Ruby Reetika Tripathi

University of Toronto, Canada

Title: Accuracy of the weight-for-age index in identifying obese children in the emergency setting

Biography

Ruby Reetika Tripathi is currently in final year of undergraduate studies at the University of Toronto where she is pursuing a major in Health and Disease as well as a minor in French and Italian. Her interest in this pediatric obesity research had been ignited by a two-year research project that she worked on in collaboration with several Pediatric Emergency Physicians at the Hospital for Sick Children & British Columbia Children's Hospital, entitled “Bone Fractures in Children - Is There an Association with Obesity?”

Abstract

Background: Obesity has been defined as weight-for-age >95th percentile for research/clinical settings like the emergency department where height is not routinely available.

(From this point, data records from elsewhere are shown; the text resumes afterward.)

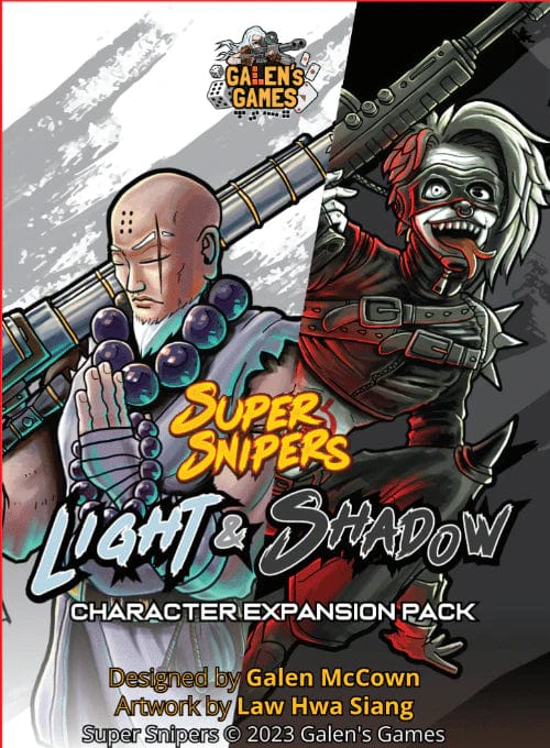 Two new Super Snipers enter the battlefield! SUBHUTI is a monk whose mastery of his mind allows him to accumulate his opponent’s Focus and use it to turn the tied of battle. J@[\]u5 is a mind-hacker capable of shutting down their opponent’s powers for short periods of time and stealing their basic ability when enraged! This is an expansion for Super Snipers and requires the base game to play. It includes 6 cards (Basic and Adrenaline for both Characters and their AI versions) and 6 acrylic Hiding Discs.
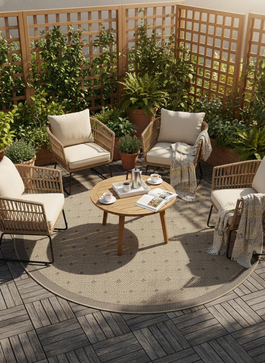 Avec son motif à points délicatement rythmé et sa forme ronde, ce tapis scandinave diffuse une atmosphère douce et équilibrée. Sa teinte marron naturel évoque la chaleur du bois et les nuances de la terre, apportant une touche organique et apaisante aux espaces extérieurs. La simplicité de son dessin ponctué de petits cercles crée un jeu visuel léger, parfait pour structurer un coin repas, un espace détente ou une terrasse de style nordique. Sa forme circulaire adoucit les lignes du mobilier et invite à la convivialité, tandis que sa texture fine capte la lumière avec subtilité. Placé sous une table ronde, un fauteuil en rotin ou près de plantes vertes, il crée un lien harmonieux entre nature et design. Ce modèle s’inscrit pleinement dans la collection de tapis d’extérieur, conçue pour faire dialoguer confort et esthétisme en plein air. Pour prolonger cette harmonie douce et épurée, laissez-vous inspirer par notre sélection de tapis d’extérieur ronds. Un tapis au charme naturel et minimaliste, qui transforme chaque espace en cocon apaisant et lumineux.
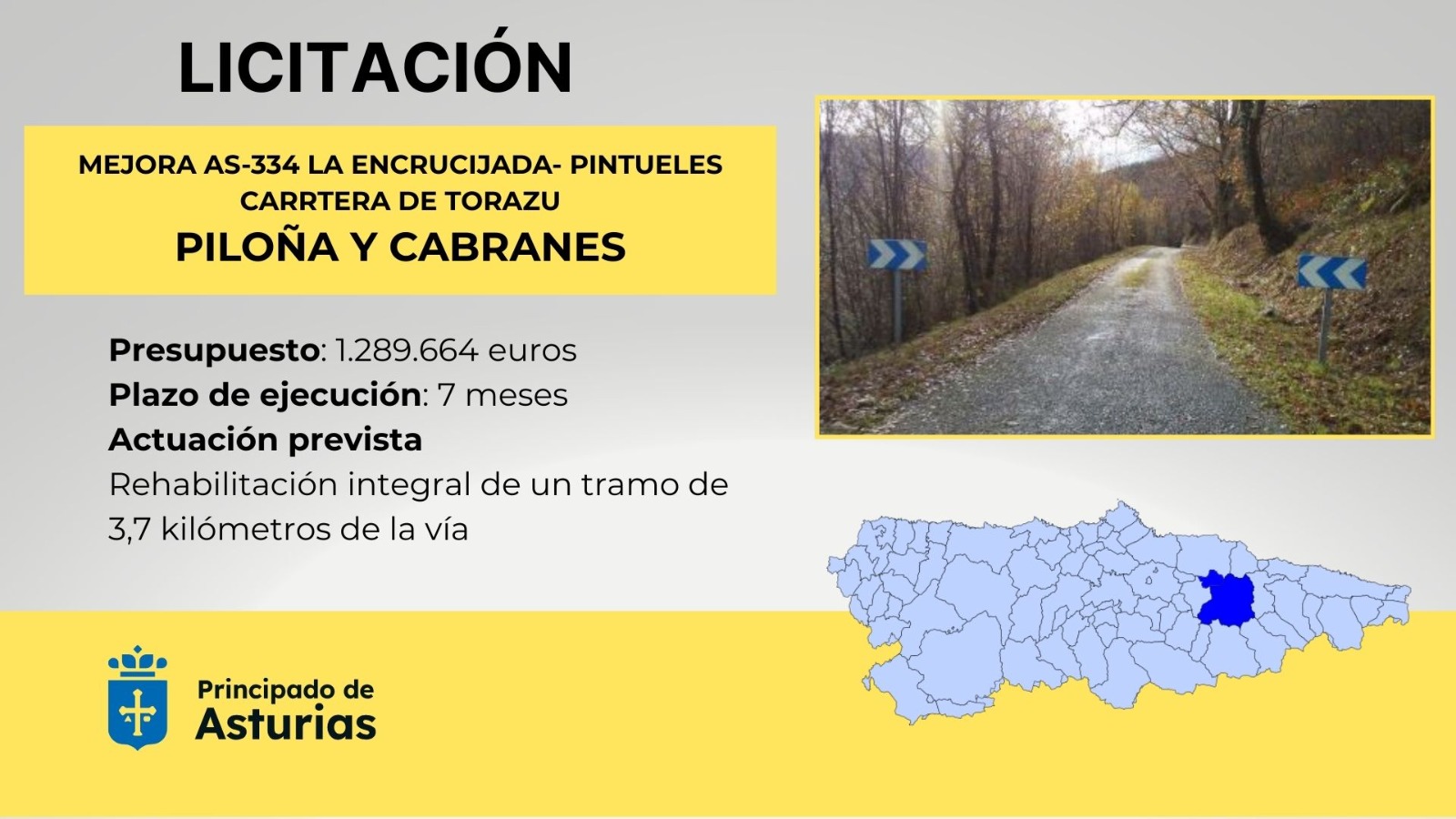 El Gobierno de Asturias destina 1.289.664 euros a la reparación de un tramo de la AS-334 (La Curciada-Pintueles), también conocida como la carretera de Torazu, en Piloña y Cabranes. Las obras afectarán a 3,7 kilómetros del vial, ubicados entre los puntos kilométricos 5+935 y 9+694.
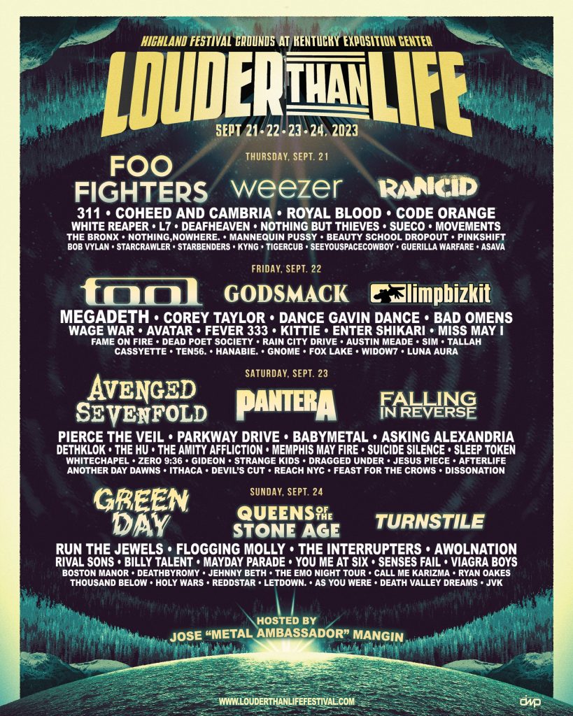 The line up for the 2023 Louder than Life Festival is stacked with a huge range of talented artists and bands. Headlining the festival are iconic acts including Foo Fighters, Weezer, and Green Day. Other must-see acts include Turnstile, Movements, Bad omens, and many more.

Objective: Our main objective was to determine the sensitivity of weight-for-age >95%th percentile in identifying obesity, using Body Mass Index (BMI)-for-age >95% percentile as the reference standard. We also determined the specificity, and predictive values, and the correlation between weight and BMI-for-age values. Methods: This was a cross-sectional study with prospectively collected data conducted at two urban, tertiary care pediatric emergency departments in Canada. Children between 2 and 17 years of age with acute extremity injuries were enrolled. Results: Of the 2259 participants, 1283 (56.1%) were male and the mean (SD) age was 9.5 (4.1) years. Using weight-for-age >95th percentile, 326 [14.3% (12.9, 15.7]) were classified as obese, while using BMI-for-age >95th percentile criteria determined that 363 [16.1% (14.6, 17.7)] were obese, p<0.0001. The sensitivity (95% CI) of weight-for-age >95th percentile to identify obesity was 62.2% (57.0, 67.2). The specificity, positive and negative predictive values were 94.5 % (93.6, 95.6), 14.4% (13.0, 16.0), and 85.6% (84.0, 87.0), respectively. The correlation between BMI and weight-for-age was 0.71 (0.68, 0.73). Conclusion: Although there may be limited validity in using this weight-for-age cut-off as a definition for obesity in research that includes children with acute injuries, the high specificity may provide some clinical utility in identifying two-thirds of children who are obese while minimizing false labeling of this condition.